PART TWO
SIX

That night I had a highly erotic dream of a silver car and a license plate number. I was following the sleek machine on a narrow asphalt road through a dense forest in dangerous rain. I would speed up to eighty, once even to ninety, but I could never get close enough to catch her. The dream became a sweaty nightmare when my car plunged off a cliff, accompanied, all the way down, by the almost melodious sound of a woman laughing with great perfumed pleasure.

In the morning, my clock displaying 6:47, I called Kathy’s number. She was yawning but awake.

‘I apologize for this, Kathy.’

‘Sure you do. I can hear it in your voice.’

I smiled. ‘Actually, I do. Unfortunately, I need some help and that kind of takes precedence over everything else right now.’

‘You’re not even close to the record. At one of the places I worked, the boss would call me at six to tell me he was picking me up for breakfast at six fifteen.’ Another yawn. ‘So what’s going on?’

‘Do you have any contact with the local police?’

‘There’s a detective I used to date when I’d come back here from Washington. It was never a big thing but he was always a lot of fun. I’ve asked him for a few favors from time to time.’

‘Good. I need a license number registration checked as soon as possible.’

I could tell she was smiling now, too. ‘Can I at least wait until eight thirty when he gets in?’

‘Hell, no. Call him right now. Even if he’s in the shower.’

A sweet, girly laugh. ‘Probably not a good idea. He got married six months ago. I doubt his wife would appreciate a call from one of his old lovers, especially before seven in the morning. So what’s the license number?’

After putting some coffee on, I picked up my cell phone and started going through the messages I hadn’t responded to yesterday. The first one was the one I wanted least. Better to get it over with. I jabbed the right numbers.

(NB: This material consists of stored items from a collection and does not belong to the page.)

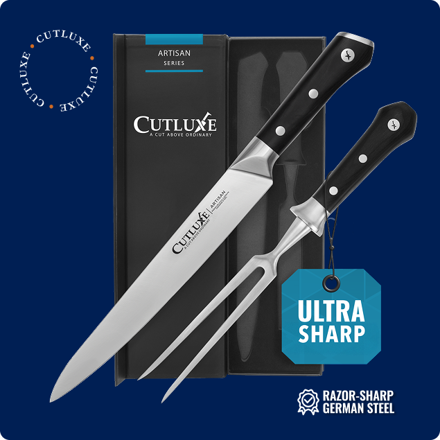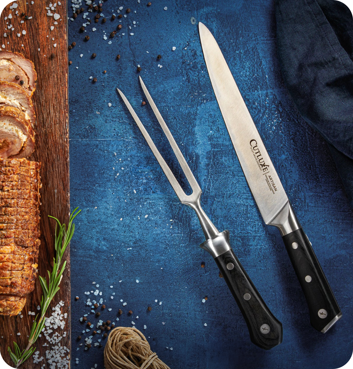 The Cutluxe 9" Carving Knife & 6" Carving Fork
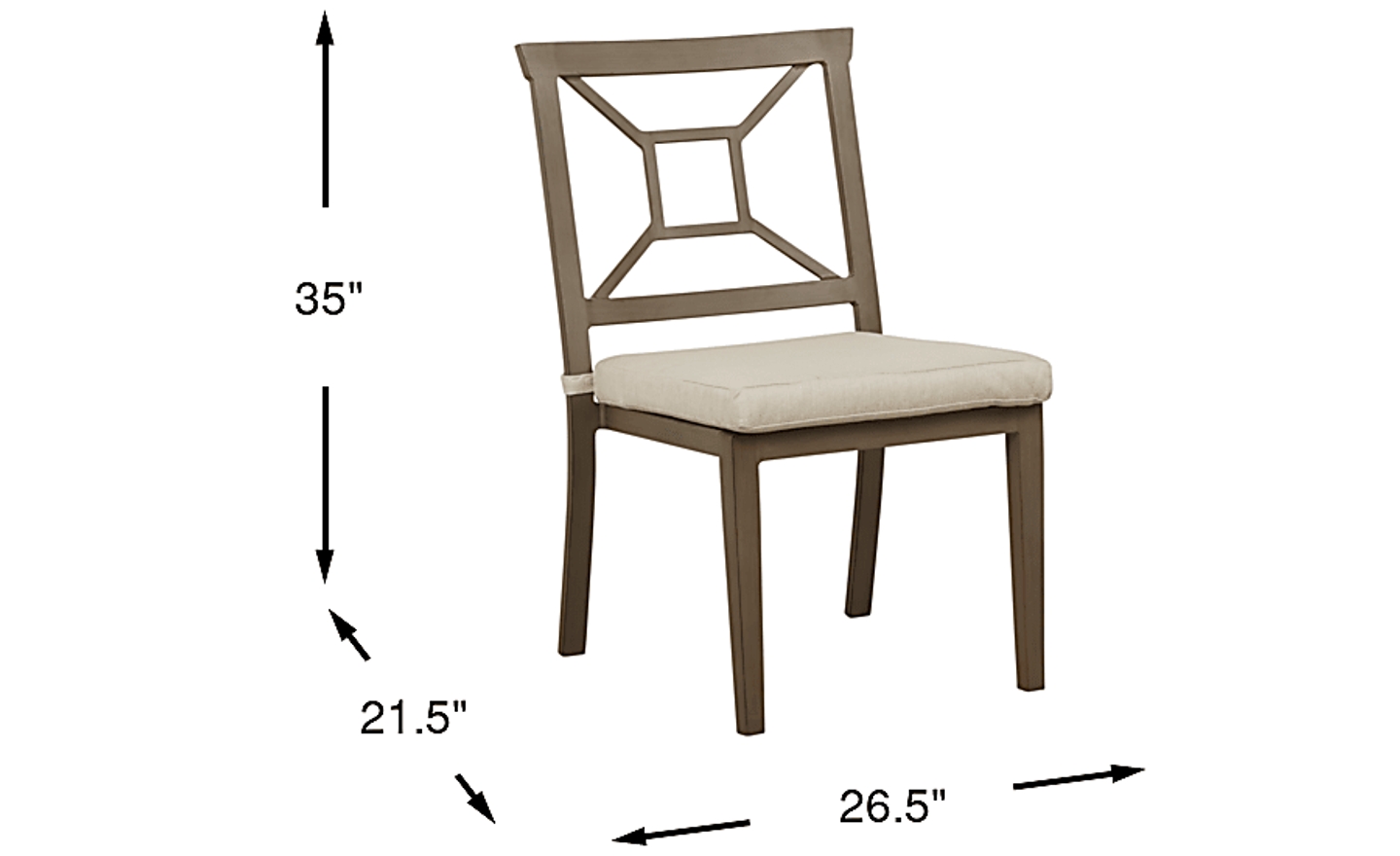 Patio dining is comfortable and stylish with the Waterfront side chair. For low maintenance this attractive outdoor chair is made from all-welded rustproof aluminum in a bronze finish. Cozy seating is provided by a removable cushion covered with durable solution-dyed outdoor fabric in a neutral linen color.
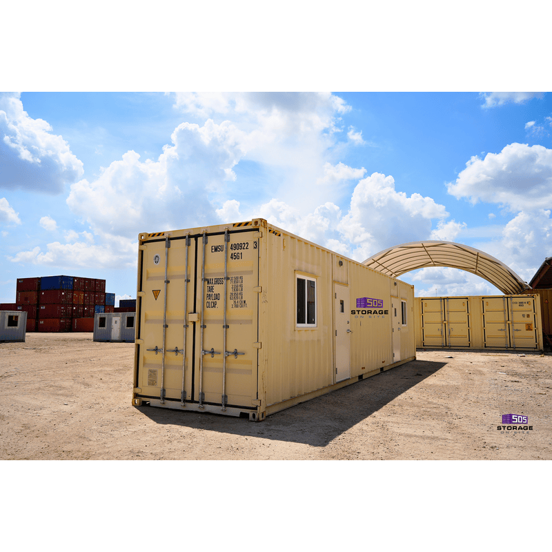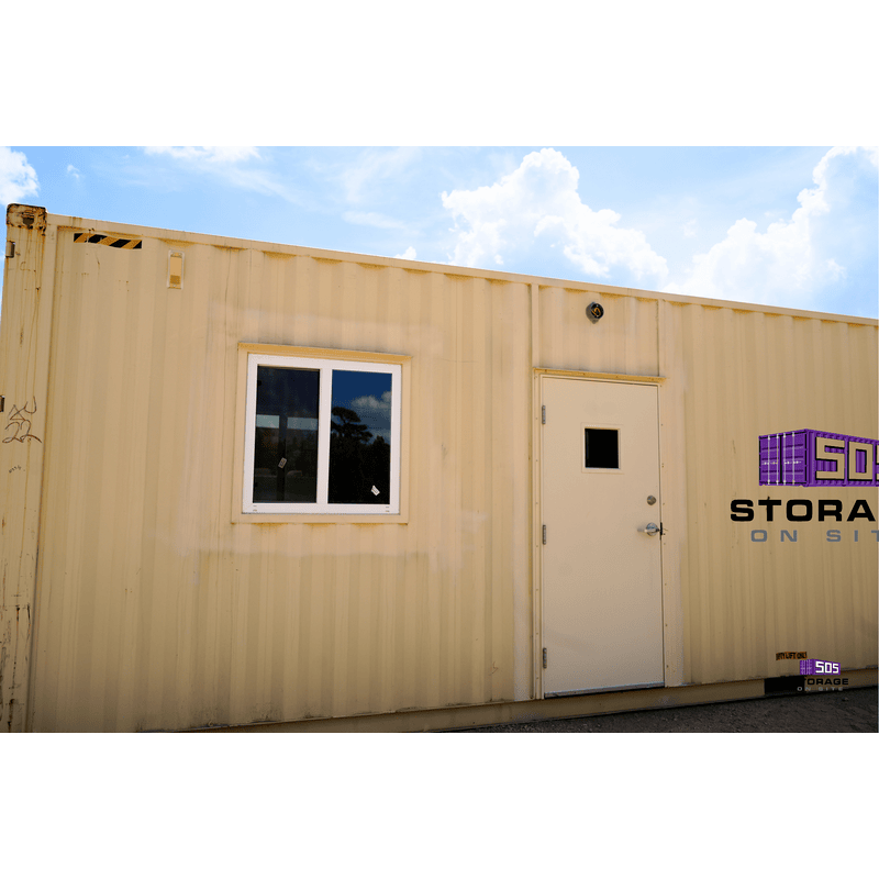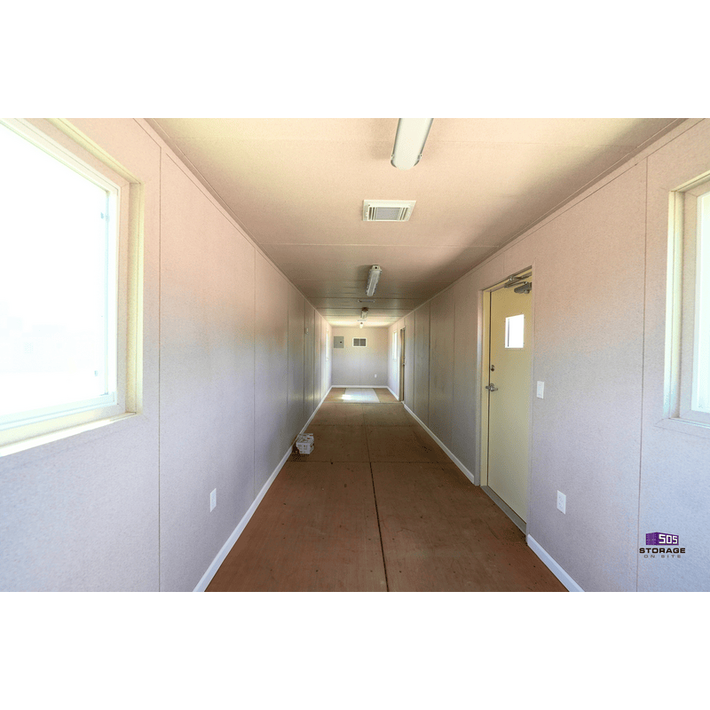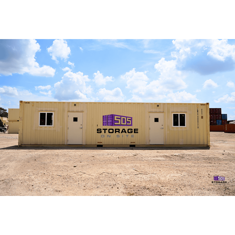 Our 40’ Office Container units are modified in our own production facility, in the U.S.A. It is made of high-quality Corten steel, fully weather-resistant. The office is built to be placed directly on the ground, for quick setup and eliminates the need for steps or ramps.
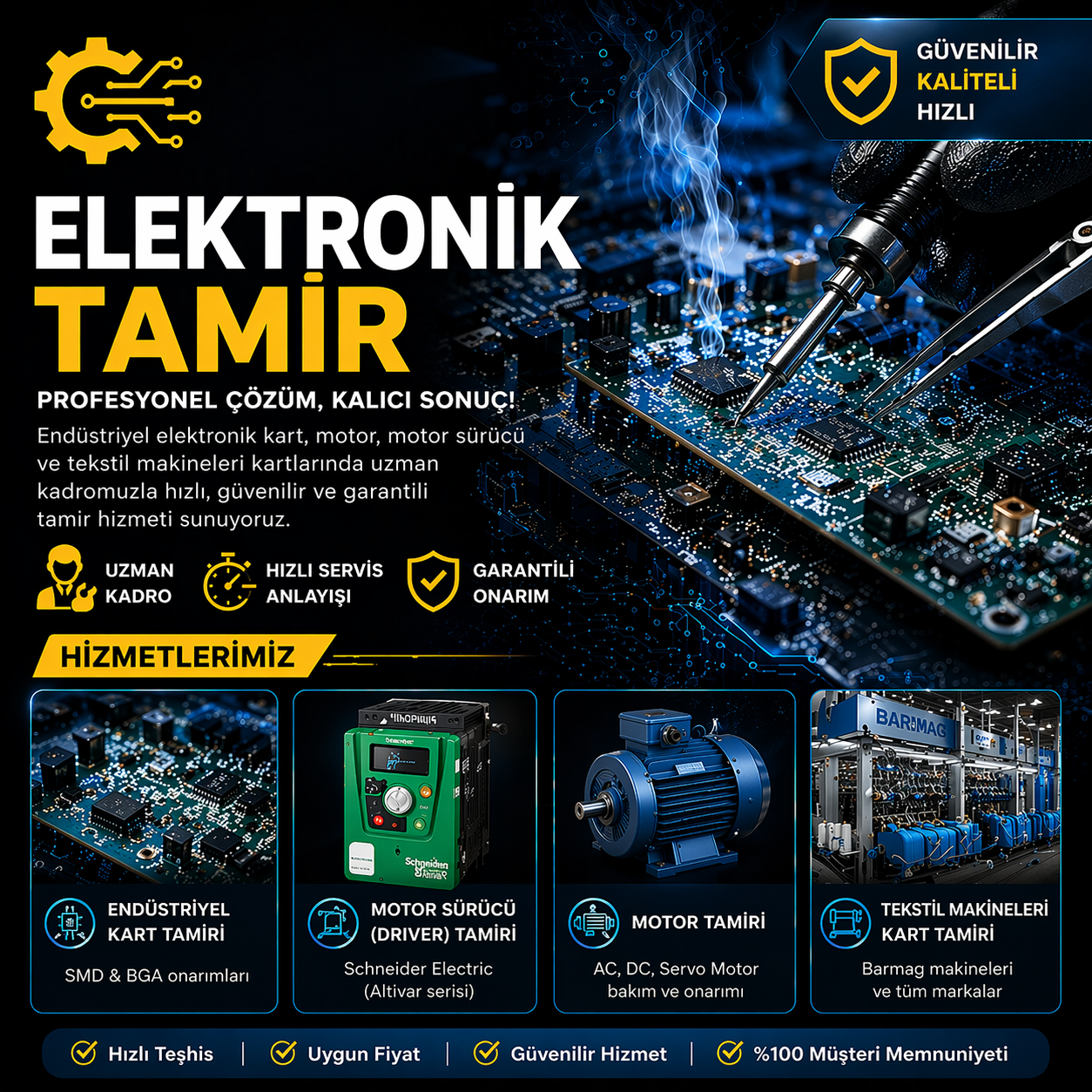 Hızlı teşhis, uygun maliyet, kaliteli işçilik ve garantili hizmet anlayışımızla; üretiminizin durmaması için yanınızdayız. Elektronik tamir ve tedarik ihtiyaçlarınızda güvenilir çözüm ortağınız olmaya hazırız.

Helen Ward answered. ‘He’s been waiting to hear from you. Can you believe all this? Just a minute.’

I hadn’t said hello and neither had she. The old-time consultants had wives who acted like the wives of senators and congressmen. They were just as ready for battle as their spouses. She hadn’t been unfriendly just now but all that mattered to her was that her son’s campaign was in serious trouble. No other subject was allowed to enter her conscious mind.

Tom came on. ‘I didn’t sleep for shit last night. We got the news just before midnight.’

‘Join the club. Jeff didn’t leave my hotel room until two o’clock.’

‘He’s ducking me, the little prick. He doesn’t want any advice from the old man.’

‘I don’t have anything new to report, Tom. But I told you I’d check in.’

‘Helen’s climbing the walls.’

‘I don’t blame her.’

‘Where’s David Nolan in all this? He’s handled things for Jeff all their lives. I hate to say this but I trust his judgment more than I do my own son’s.’

So he didn’t know about Jeff and David’s wife. He was seventy-four years old. He was overweight and drank a lot. He also kept the tobacco industry rich. He still smoked those small Chesterfields that had killed Bogie among many other millions. He’d had a stroke a few years ago. He knew about the murder. But he didn’t know about the adultery. Or the blackmail. I wondered how much was too much to put on a man like him.

‘Yeah. I got to talk to him. Real steady as she goes. Jeff’s lucky to have him.’

‘Just a sec.’ He cupped the phone. I heard an angry voice. Helen. When he came back on, he said, ‘Helen heard me say that about trusting David’s judgment more than Jeff’s. I thought she was upstairs. It always pisses her off when I say that. She says I’m being disloyal. To me I’m just being realistic. Our boy has a lot of good qualities.’

At the moment I couldn’t think of any but theoretically I suppose he did. I mean if I really thought hard about it I could probably think of a few. Maybe.

‘Burkhart’s probably been jacking off all night,’ Tom said.

‘I’d imagine so.’

‘You see those photos of him at the Creationist Museum? Little kids riding that animatronic dinosaur. The Europeans have always regarded us as hillbillies and by God maybe they’re right. Riding dinosaurs, for God’s sake. You think they really believe that shit happened?’

‘Oh, yeah.’

‘I don’t know what the hell’s going to happen to this country.’